Anyone interested in the technical details of IPv6 will want a copy—even if you are prepared to wade through the relevant RFCs, IPv6 provides annotated references to these and other important papers at the end of each chapter.
Author: Christian Huitema
Publisher: Prentice Hall 1996
ISBN: 0-13-241936-X
Price: $44.00
Reviewer: Danny Yee
Huitema's IPv6 is a concise but comprehensive description of the new Internet protocol. It begins with a very brief account of the motivation for a new protocol and the background to its selection (the competition between the different contenders), then plunges straight into the technical details: a chapter describing the basic packet format; one on routing and addressing; chapters on auto-configuration, security, and support for flows; a chapter on transition issues; and a final chapter in which Huitema offers his personal opinion of the major decisions made in the protocol design.
Each of the chapters goes into some detail. The chapter on security, for example, describes the Photuris key exchange system quite thoroughly, while the chapter on flows enters a little into the issues of fair queuing. Each chapter also discusses the points which were controversial in the decision process: such things as the length of the addresses, the mandation of potentially unexportable security support, the relationship between IP and ATM, and the choice of a dual-stack approach to IPv4-IPv6 integration rather than use of header translation. I felt that IPv6 had much more meat to it than Bradner and Mankin's longer IPng (Addison-Wesley 1995), but the two books are really complementary, with the latter dealing more with the historical context and the framework within which the decision was made than with IPv6 itself (the difference in titles is appropriate).

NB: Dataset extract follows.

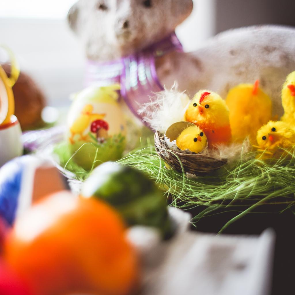 Colorful Easter Decorations Wallpaper, 1024x1024 Resolution.
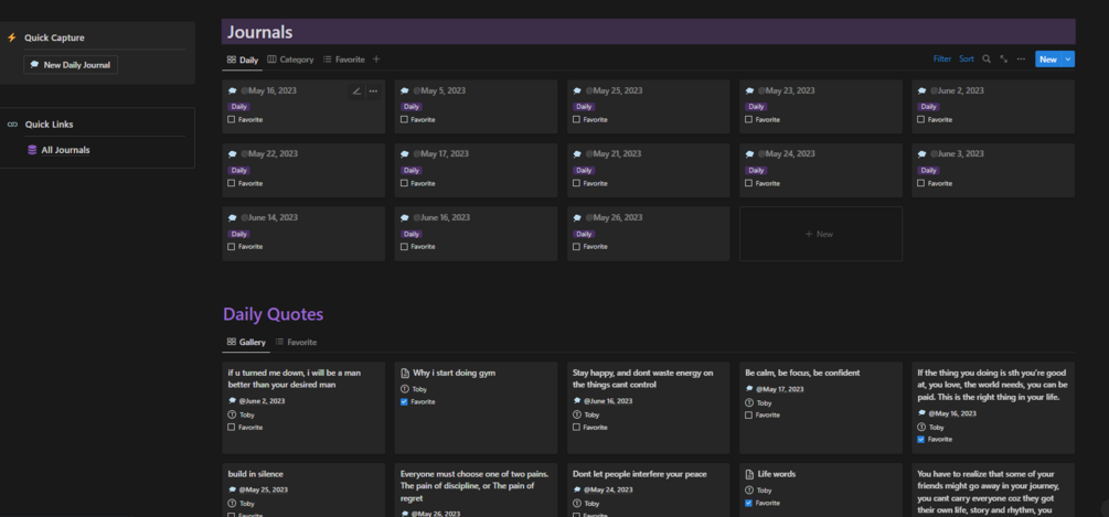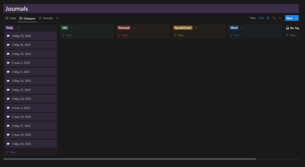 Document your life with ease using our Notion template! Categorize entries with tags and filter them by specific categories like daily or personal.

IPv6 is a very nice little volume, marred only by poor proof-reading—there were far too many simple grammatical mistakes, and at least one spelling error which any automated spell-checker should have found. Anyone interested in the technical details of IPv6 will want a copy—even if you are prepared to wade through the relevant RFCs, IPv6 provides annotated references to these and other important papers at the end of each chapter.
Disclaimer: I received a review copy of IPv6: The New Internet Protocol from Prentice Hall, but I have no stake, financial or otherwise, in its success.